RFID Security Alliance Member Comments About PUF Technology

Verayo recently announced that they have released the worlds first unclonable RFID chip at RFID World in Las Vegas. Both Verayo and Veratag incorporate similar principles to achieve unclonability in their designs, in the sense that they rely on capturing differences introduced in manufacturing. In theory, this appears to be quite "solid". Both Verayo and Veratag are members of the RFID Security Alliance.

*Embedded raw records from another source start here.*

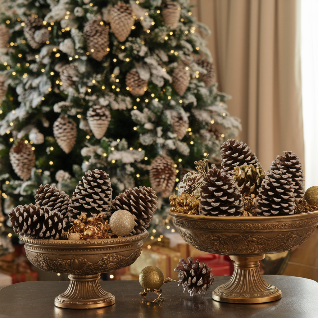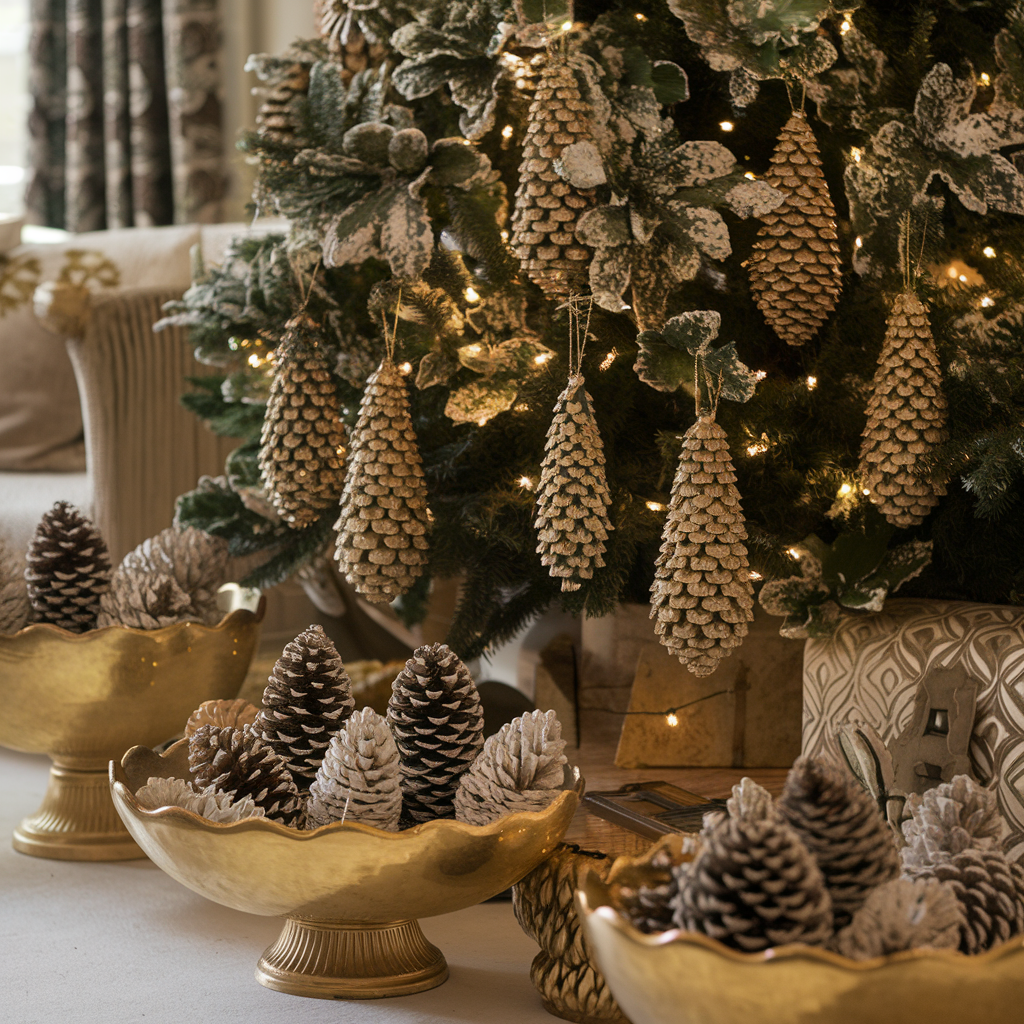 Gilded Christmas tree cones act as a stylish addition to your living room décor. These cones can be hung on the tree, placed in bowls on the tables, or even arranged on the mantel. Their golden hue is the thing that links the whole cozy setting together by giving a touch of luxury and warmth. They look best when used with other golden accents, such as candle holders or ribbons, to make an elaborate design.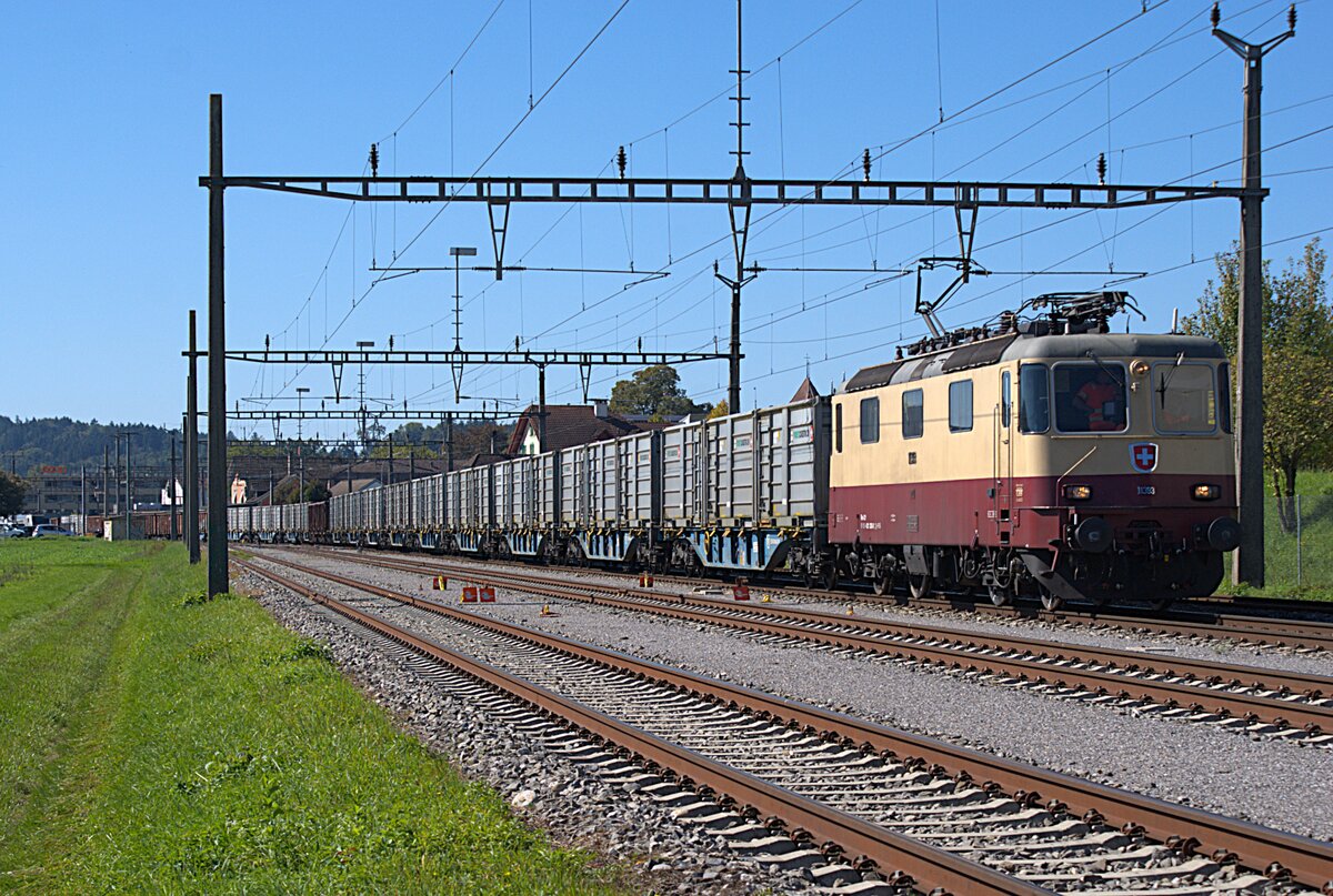 Schweizer Zucker AG, Zuckerfabrik Aarberg, Kampagne 2025: Re 4/4 II 11393 + Re 4/4 11387 (beide von IRSI) + 29 Eaos/Eas, Zug 69417 Aarberg-Islikon, Leerwagenzug zum Abholen von Rüben in der Zuckerfabrik Frauenfeld, Lyss, 14. Januar 2025. Gleis 1 (ganz links) ist gerade frei (IR 65 Bern-Biel und S3 Belp-Bern-Biel). Auf Gleis 2 wartet ein RABe 525 (vierteiliger Nina) als S35 Lyss-Kerzers. Auf Gleis 3 fährt weg IR 65 Biel-Bern, RABe 515 036 (Mutz). Auf Gleis 4 steht S36 Lyss-Büren, ein RABe 525 (dreiteiliger Nina).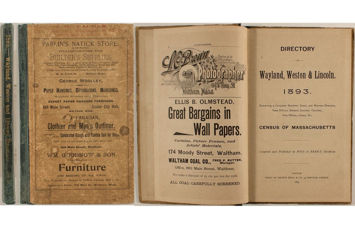 Wayland, Weston, and Lincoln, MA Directory, 1893
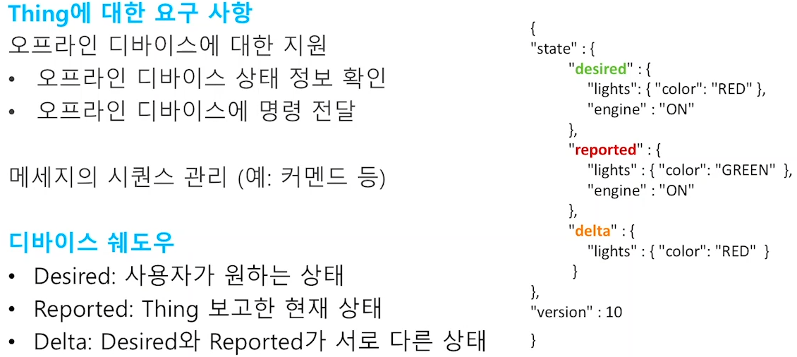 디바이스 섀도우 : 디바이스가 오프라인이 되어있다고 하더라도 최종적으로 reporting한 status 정보들을 클라우드가 가지고 있는데 그 정보들만 조회하면 된다. 디바이스의 정보를 조회하기 위해서 디바이스까지 갈 필요 없이 클라우드만 한 번 갔다오면 디바이스 정보를 확인할 수 있다.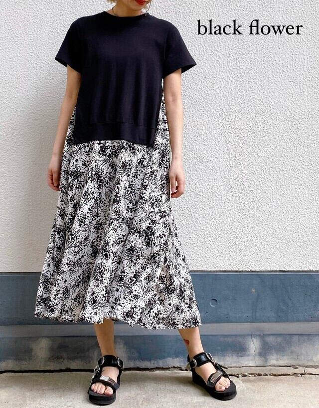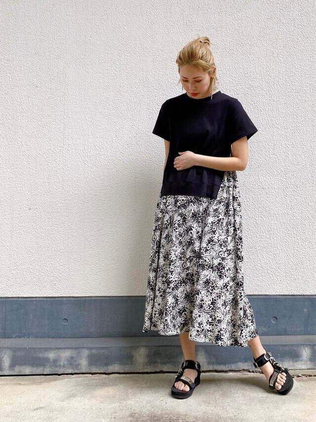 プリント柄のスカート部分は、サラッとしたとっても軽い素材感で、歩く度に揺らいで綺麗です!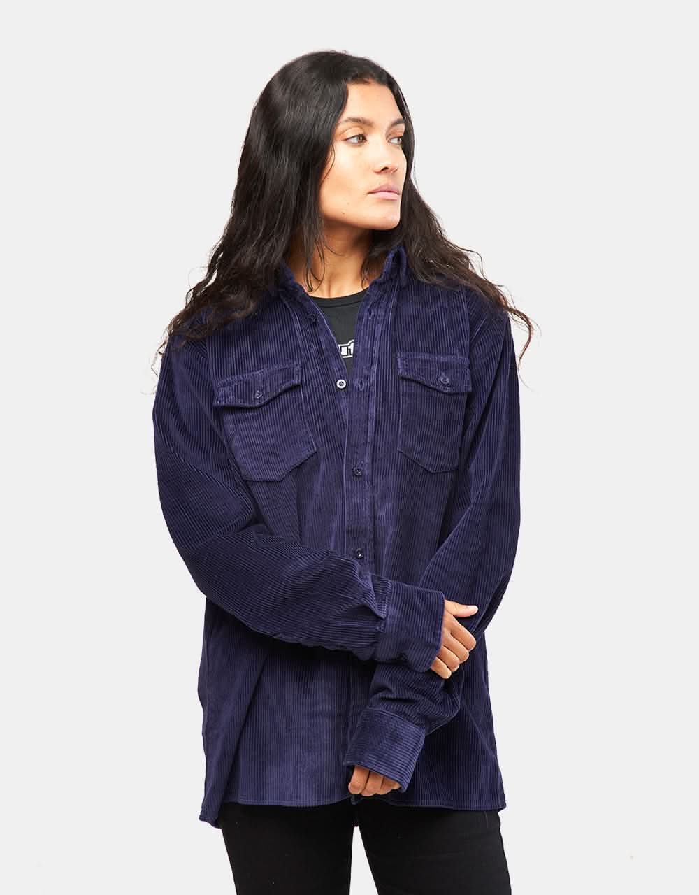 The Route One Big Wale Cord Shirt in Navy is a shirt/jacket hybrid constructed from 100% Cotton heavy 8-Wale corduroy. It comes with a full button placket, large cuff closures and two classic chest pockets. This can be worn open with a tee underneath or buttoned up for extra warmth.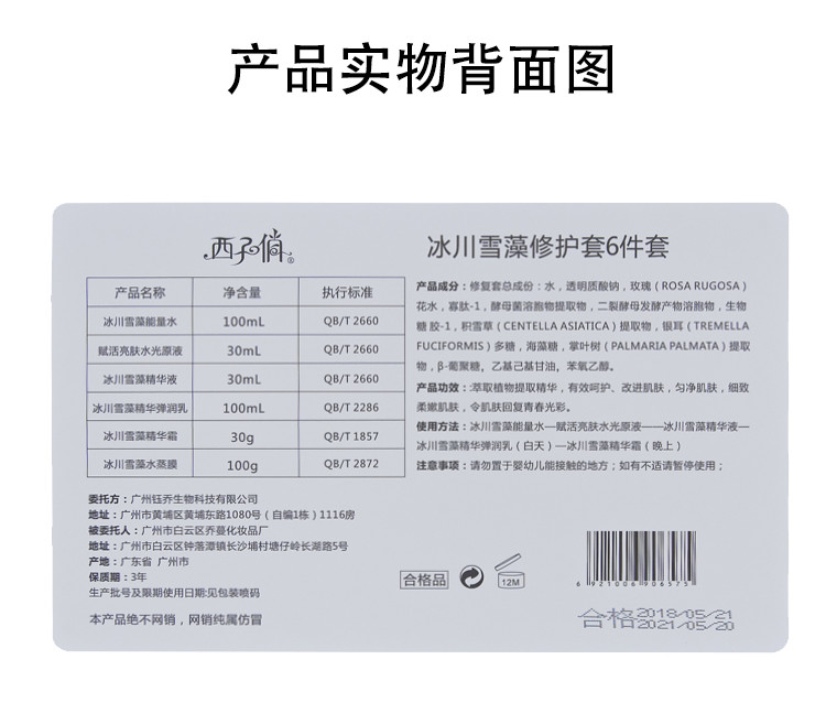 使用方法:冰川雪藻能量水—赋活亮肤水光原液——冰川雪藻精华液—冰川雪藻精华弹润乳(白天)—冰川雪藻精华霜(晚上)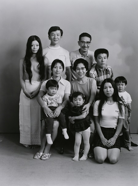 后左起,妻子洋子、弟弟了晖、父亲助造、妹夫大光寺久,前左起,弟妹明子、妹妹的长子学、母亲みつゑ、弟弟的长女今日子、妹妹可南子、弟弟的长子卓也,1971年。选自《家族》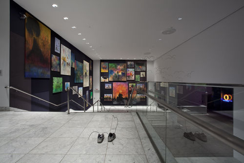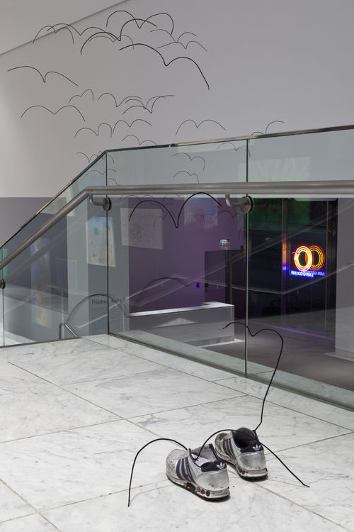 Like a favorite poem, Friedrich Kunath's works poignantly yet playfully distill the fundamentals of human emotion—desire, loneliness, and anxiety—creating comically tragic scenes in which human beings try to find their way in the world. Employing an impressive range of mediums—drawing, painting, sculpture, installation, photography, and a neon sign—Kunath will cover the lobby walls, creating a world both fantastical and quotidian revolving around a number of middle aged male characters struggling to define their lives in a sea of uncertainty.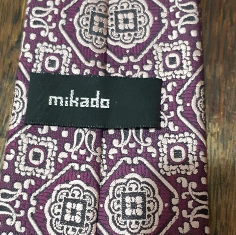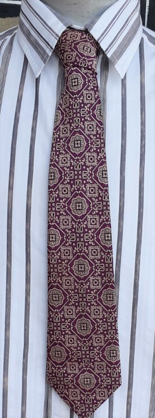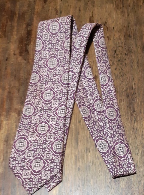 Tie, 1960’s, purple/lavender print, polyester, by ‘Mikado’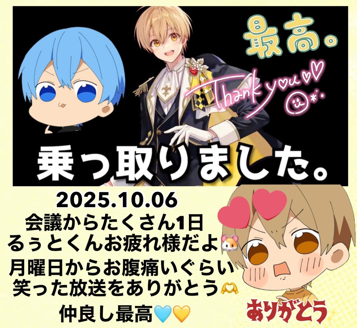 #るぅとくん 🐹💛🩵🫶放送ありがとう⸝⸝⸝⸝♡ 月曜日1日会議からいっぱい お疲れ様でした!! 乗っ取りるぅとくんからはじまり わたしのきもち たまアリバージョン!! るぅとくん作り直すのかな?👏👏 今からめちゃくちゃ楽しみ です。ころんくん弾き語り練習 してくれたらいいですね (〃´-`〃)♡ pic.x.com/gNAe61FUTp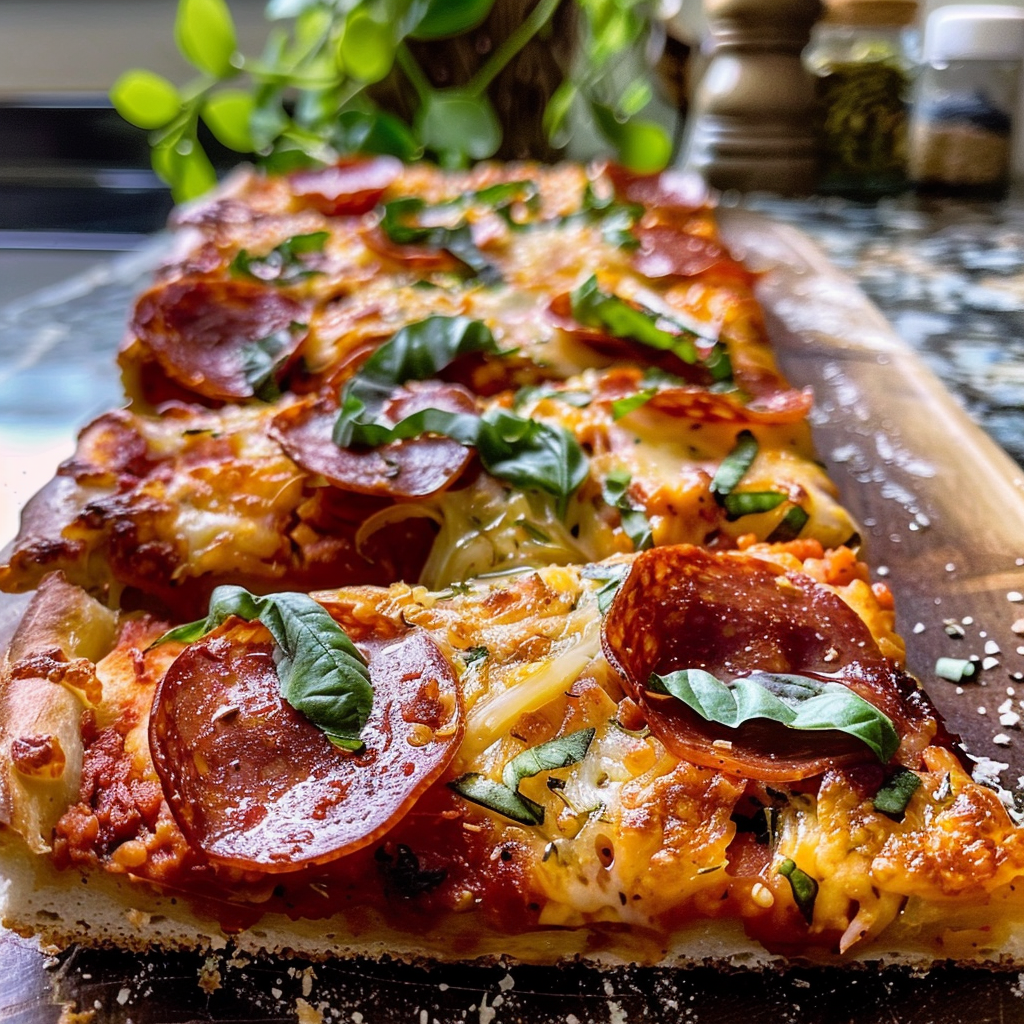 Irresistible Detroit Style Tomato Herb Pepperoni Pizza Recipe

Celebrated security researcher Karsten Nohl is also a member of the RFID Security Alliance, and is well known for his research and commentary on RFID security. Karsten recently commented on PUF technology:

Verayo is the second company to announce the "World’s first unclonable RFID tag" based on a physically unclonable function (PUF), after Veratag announced a similar product based on PUF technology. The security claims of these and other PUF-based products seem dubious since the current realization of PUFs defies basic principles of cryptography. The announcement states:
This new RFID chip is based on recently announced breakthrough technology called Physical Unclonable Functions (PUF). PUF technology is a type of electronic DNA or fingerprinting technology for silicon chips that makes each chip unclonable.
It might be besides the point that neither DNA, nor fingerprints are unclonable. The failure of proprietary security, which has been a constant theme on this blog, has led many to conclude that only well-reviewed security primitives can be strong. PUF technology tries to achieve security in exactly the opposite way: the PUF circuit is designed in a way so that not even the designer understands how outputs are derived from inputs. Security-by-obscurity par excellence.
Every circuit, including PUFs, is a deterministic function; the only difference in PUF circuits is that some inputs to the function vary across different tags. For a PUF to be cryptographically strong, one would hence need to show that

1. the fixed part of the circuit (the cipher) is strong by cryptographic metrics,
2. the number of device-dependent inputs (the secret key) is large and
3. the entropy of these inputs is high.

PUFs are a wonderful idea for using manufacturing variance constructively, but in their current realization, PUFs fail to convince that they are strong building blocks for security systems.

It is important to note that while Nohl, Verayo, and Veratag are all members of the RFID Security Alliance this does not preclude scrutiny of security claims made by members of the RFIDSA, nor commentary of the same. It is also important to emphasize that this level of scrutiny is critical for the "vetting" of designs and technologies.